Power, Noah, and Knapp left the band before they recorded a demo. The band recorded their first demo in 2001. Before joining Solid State Records, the band changed their name to The Remnant and released an independent self-titled album.

Members of Demon Hunter approached the band at Cornerstone Festival in 2004, and told them to change their name, as there was punk band named The Remnants.

The band changed to Becoming the Archetype. Wisdom claims that he came up with the name.

In December 2004, the band signed with Solid State.
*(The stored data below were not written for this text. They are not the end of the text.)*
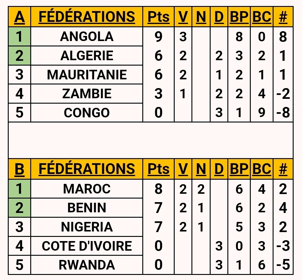 [Victory by forfeit: Benin advance[/b], winning their match "on the green carpet". The Ivorian team's failure to comply with organisational regulations led to their forfeit, giving Benin victory and points without playing.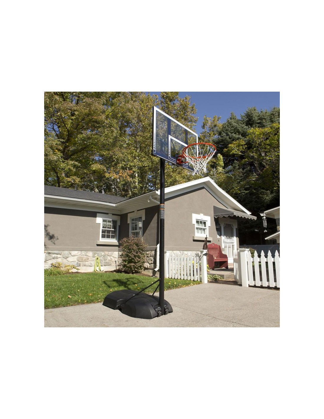 Η φορητή βάση μπάσκετ διαθέτει ταμπλό 44\” κατασκευασμένο με τεχνολογία Steel-Framed Shatter-Proof. Η τεχνολογία Shatter-Proof εγγυάται μακροχρόνια ανθεκτικότητα και αντοχή στα χτυπήματα χάρη στην επίστρωση από πολυκαρβονικό Makrolon® υψηλής ποιότητας. Η τεχνολογία Steel-Framed είναι ένα ανθεκτικό χαλύβδινο πλαίσιο για την πλάτη του ταμπλό. Η πρόσθετη προστασία της κάτω άκρης του ταμπλό και η τεχνολογία ρύθμισης του ύψους του ταμπλό Quick Adjust® II εξασφαλίζουν άνετο και ασφαλές παιχνίδι σε κάθε επίπεδο παιχνιδιού, χάρη στη ρύθμιση στο εύρος από 244 έως 305 cm. Το αδιάβροχο νάιλον πλέγμα και ο στρογγυλός στύλος με διάμετρο 7,6 cm Τα ρολά μεταφοράς που είναι τοποθετημένα σε μια σταθερή βάση γεμάτη νερό χωρητικότητας 128 λίτρων εξασφαλίζουν την πλήρη κινητικότητα και σταθερότητα της βάσης.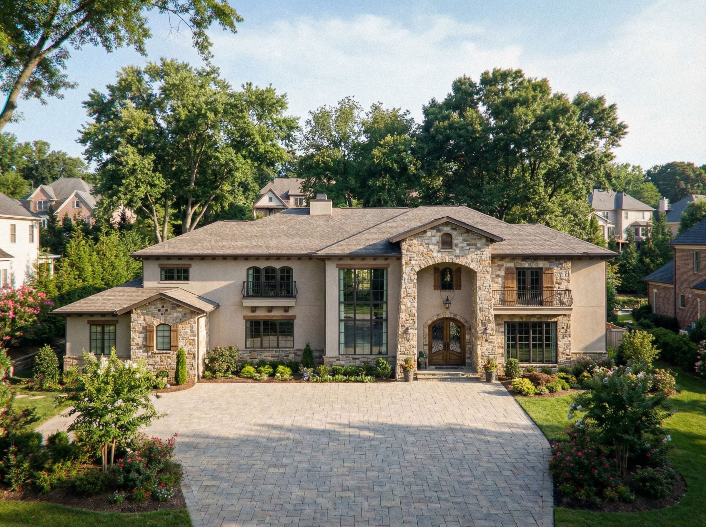 PromptPhoto of a residential building with a blend of traditional and modern design elements, featuring textured stone finishes and extensive window placements. Surrounded by a landscaped garden, the setting offers a quaint suburban neighborhood. Natural daylight casts soft shadows across the facade, highlighting the architectural details. Captured from a frontal angle using a wide-angle lens to emphasize the scale and symmetry, focusing on the ornate entrance and decorative balcony above, creating a welcoming atmosphere., keep exact camera angle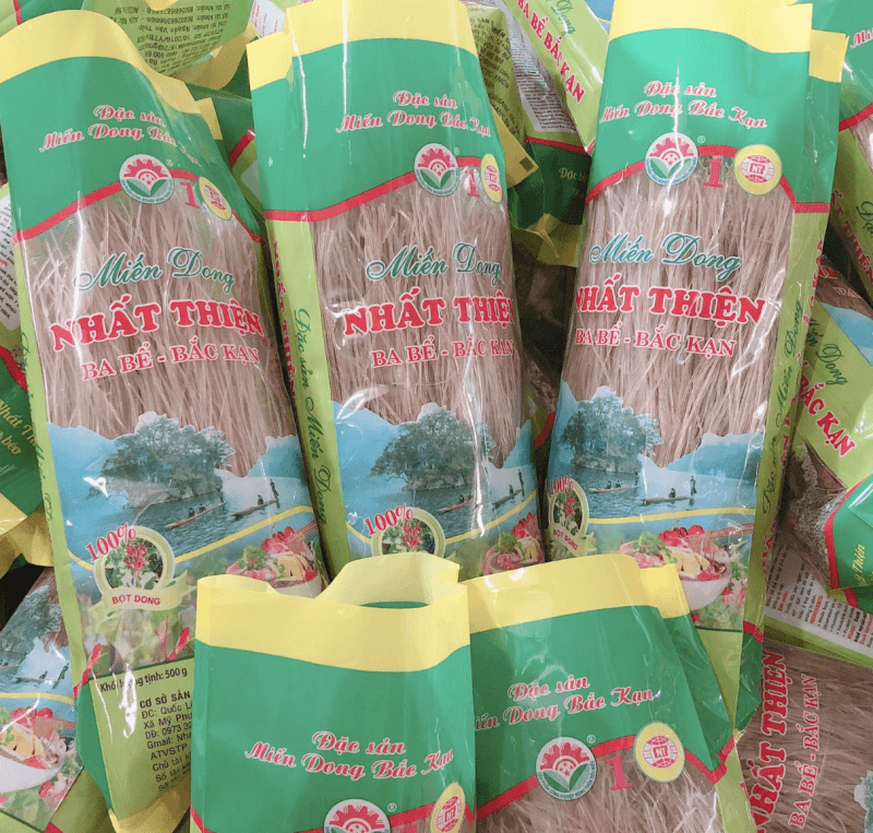 Nhat Thien Dong 粉丝(OCOP 典型产品):这里是当地著名品牌的冬粉,呈自然灰色。粉丝纤维,嚼劲突出,再煮时不散。粉条采用100%纯葛粉制成,是游客来巴比公社时选择批量购买的实用且有意义的礼物。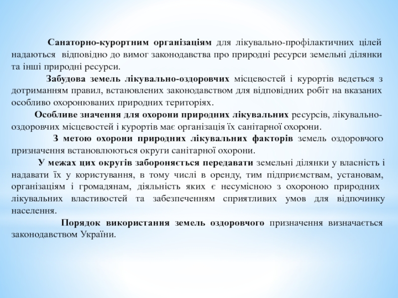 Слайд 28 Санаторно-курортним організаціям для лікувально-профілактичних цілей надаються

The next year, the band released their first nationwide album, Terminate Damnation, whose title comes from a song of the same name by Christian death metal band Mortification, mixed by Tue Madsen. The album blended progressive metal, death metal and metalcore.

In 2006, the band's longtime lead guitarist and one of the primary songwriters, Jon Star, amicably left the band for personal reasons.

The band's first tour of 2006 was a 24-date run in Europe with The Chariot and Shaped by Fate with lead guitar replacement, Alex Kenis from progressive death metal group, Aletheian. In July 2006, original guitarist Sean Cunningham left the band for his last semester in college and to pursue a full-time career. Determined to press on, in the fall of 2006, the band went back into the studio with producer Andreas Magnusson (The Agony Scene, Scarlet, The Black Dahlia Murder, Calico System, Twelve Tribes); The Physics of Fire, was released May 2007. The band promoted the album on "The Trilogy of Hairs" (Bring Your Own Beard, Peel Your Wig Back, Born With a Mustache) tour. The bearded skull artwork for the Bring Your Own Beard has been dubbed "Clifton", named after Aletheian/Solamors drummer Clifton Travis Turner, and is BTA's mascot, according to Jason Wisdom. Also, Brent Duckett took an indefinite break from the band in late 2007 for personal reasons.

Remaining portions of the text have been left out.